** Task inputs **

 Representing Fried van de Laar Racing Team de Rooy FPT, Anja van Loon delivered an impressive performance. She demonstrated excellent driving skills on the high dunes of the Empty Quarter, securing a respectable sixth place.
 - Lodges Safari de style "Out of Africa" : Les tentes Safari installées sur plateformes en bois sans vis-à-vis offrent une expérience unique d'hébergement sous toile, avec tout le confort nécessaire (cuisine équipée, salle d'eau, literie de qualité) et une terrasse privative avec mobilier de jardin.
---
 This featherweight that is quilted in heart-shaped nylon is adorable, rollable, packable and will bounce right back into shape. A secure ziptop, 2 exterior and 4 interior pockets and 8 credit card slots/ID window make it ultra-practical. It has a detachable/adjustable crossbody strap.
==
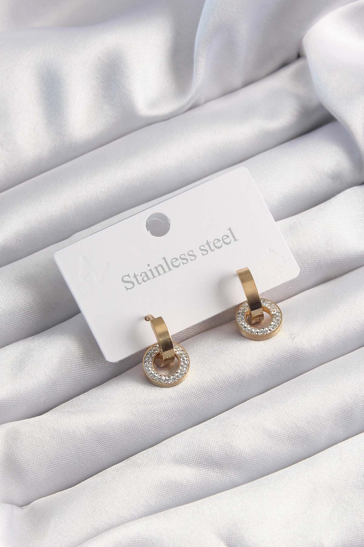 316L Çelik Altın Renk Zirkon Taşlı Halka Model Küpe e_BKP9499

** Problem details **
All lines above between those holding "Representing Fried van" and "- Lodges Safari", inclusive, must be set down unchanged, and no other line may be included.

** Problem solution **
 Representing Fried van de Laar Racing Team de Rooy FPT, Anja van Loon delivered an impressive performance. She demonstrated excellent driving skills on the high dunes of the Empty Quarter, securing a respectable sixth place.
 - Lodges Safari de style "Out of Africa" : Les tentes Safari installées sur plateformes en bois sans vis-à-vis offrent une expérience unique d'hébergement sous toile, avec tout le confort nécessaire (cuisine équipée, salle d'eau, literie de qualité) et une terrasse privative avec mobilier de jardin.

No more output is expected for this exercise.